I'm currently a perm resident of Washington (past 3 years). I work full-time for a big software company. I would like to work remotely in Florida, California, and Puerto Rico, and Texas, each for about 3 months.

I've been reading info online but most of the articles are about what happens when you permanently change your residency (i.e. live somewhere for more than half the year).
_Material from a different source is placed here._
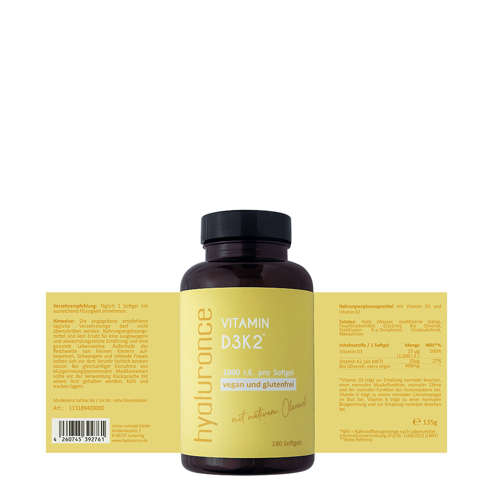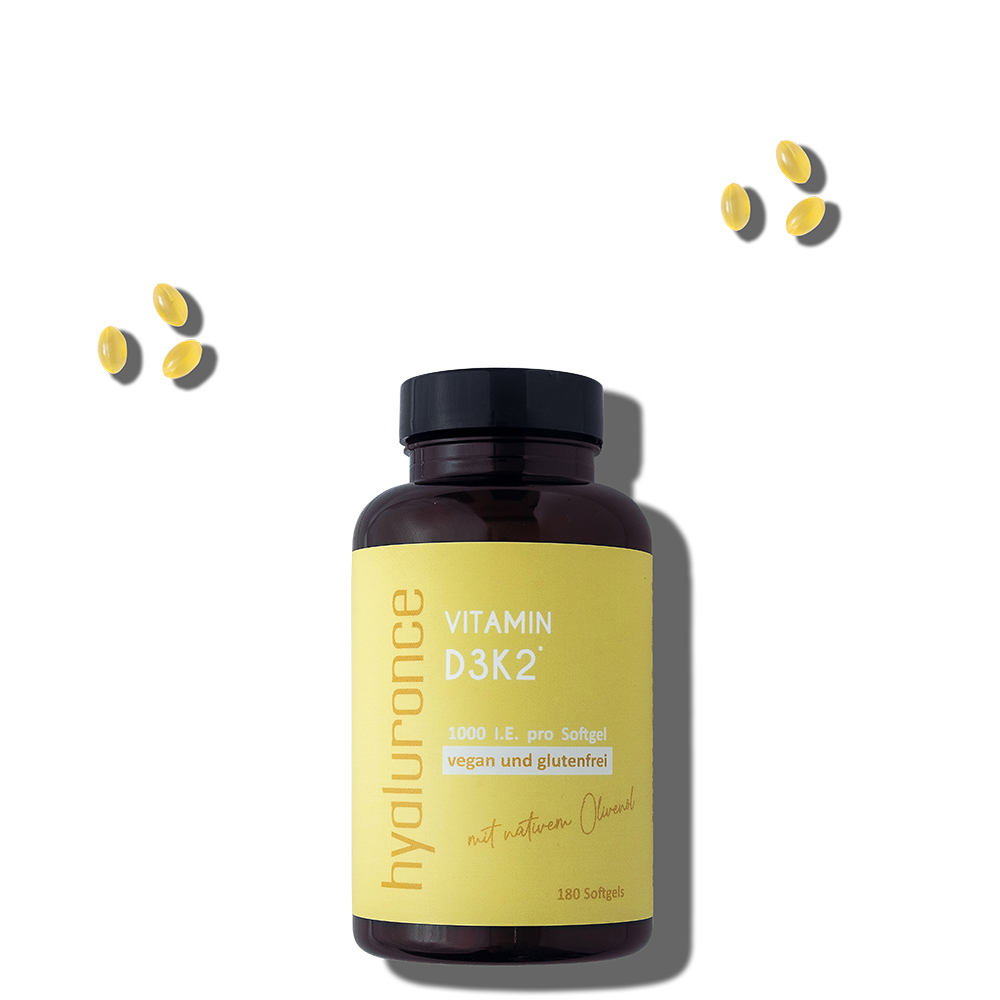 Vitamin D3 - trägt zur normalen Funktion des Immunsystems bei - ist wichtig für die Erhaltung normaler Knochen - trägt zur Aufrechterhaltung einer normalen Muskelfunktion bei - unterstützt die normale Aufnahme von Calcium und Phosphor - trägt dazu bei, den normalen Blutcalciumspiegel aufrechtzuerhalten - Spielt eine Rolle bei der Zellteilung Vitamin K2 - trägt zur Erhaltung normaler Knochen bei - trägt zu einer normalen Blutgerinnung bei
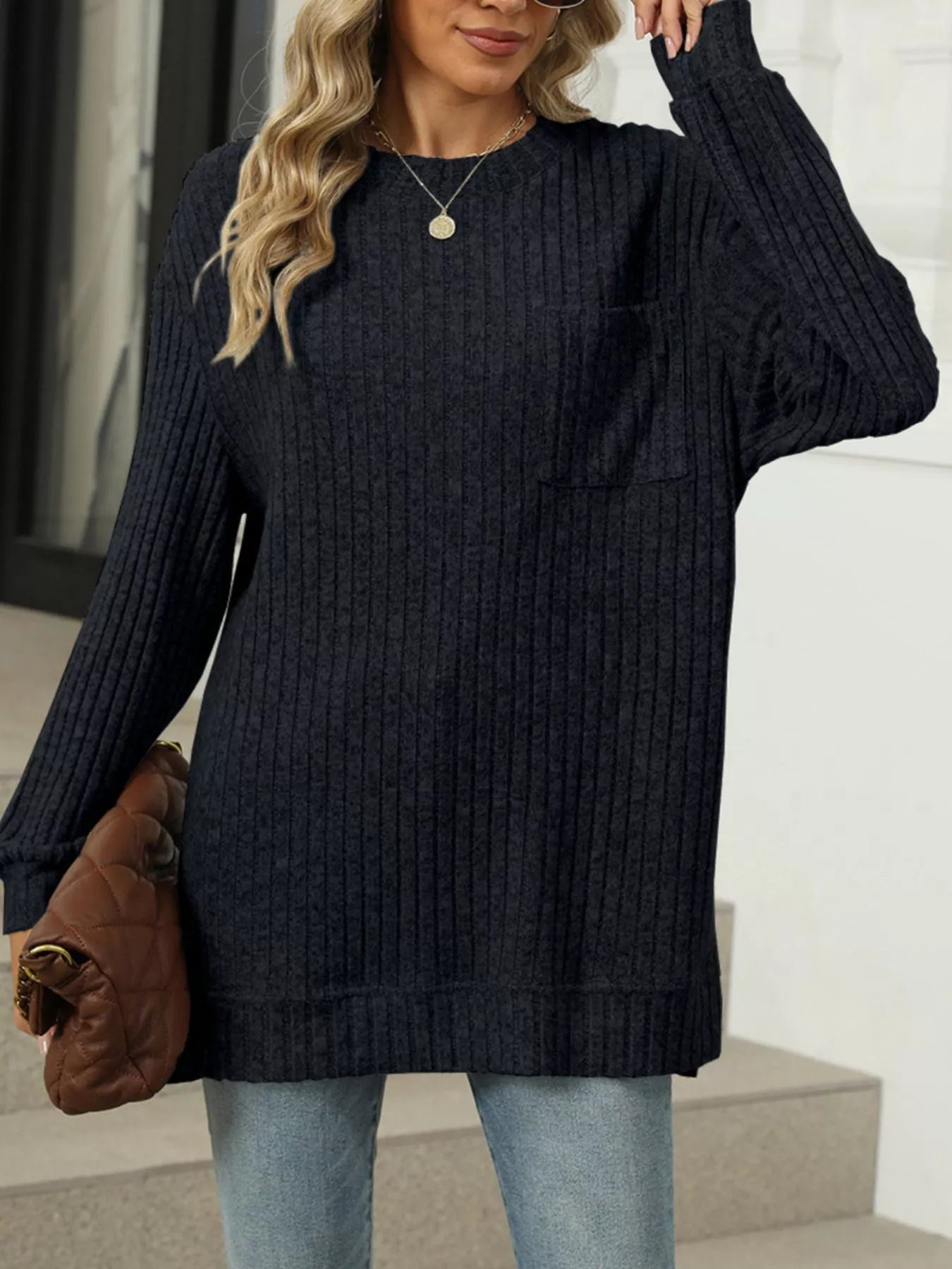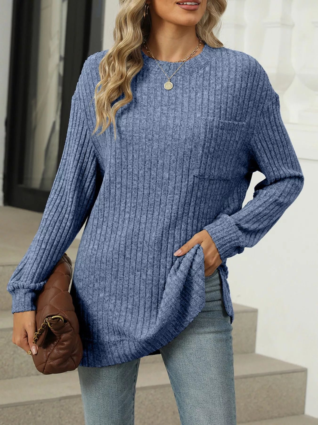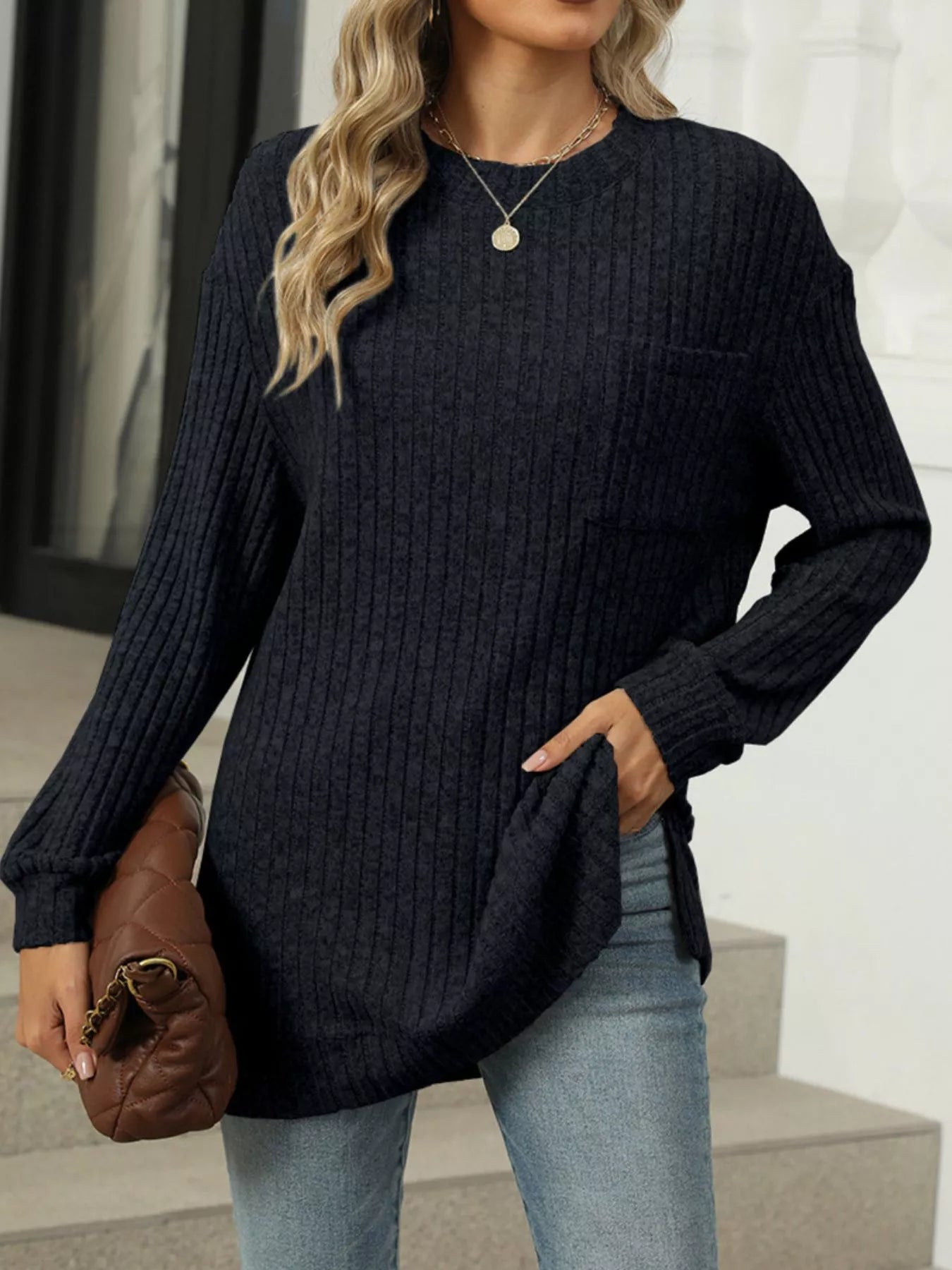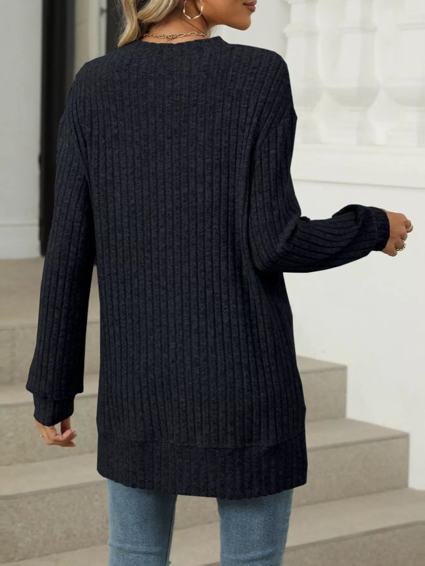 - Features: Oversized silhouette, delicately ribbed texture, elegant side slit

What if in a single year, I've lived in 4 different states? Will I have to pay any state income tax? Will my state for tax purposes remain as Washington if I don't have a permanent home anywhere else?

2 Answers 2


Speaking specifically about California you indeed will have to pay income tax. Assuming you qualify as a part-year resident you will need to pay tax on all income (regardless of source) during the part of the year you're a resident and pay tax on all income from CA sources during the part of the year you're a nonresident. More info here https://www.ftb.ca.gov/file/personal/residency-status/part-year-and-nonresident.html


This may partly depend on your employer. Since they're large, they've probably got employees in CA, TX, and FL, not sure about Puerto Rico; their payroll department would be able to tell you if they're set up to pay employees in those locations or not. During Coronavirus there has been some leeway for employers on allowing their employees to work remotely while paying tax in a different state (where they would usually be in the office).

Your employer couldn't really give you tax advice but they should be able to tell you in which states / territories you would owe tax.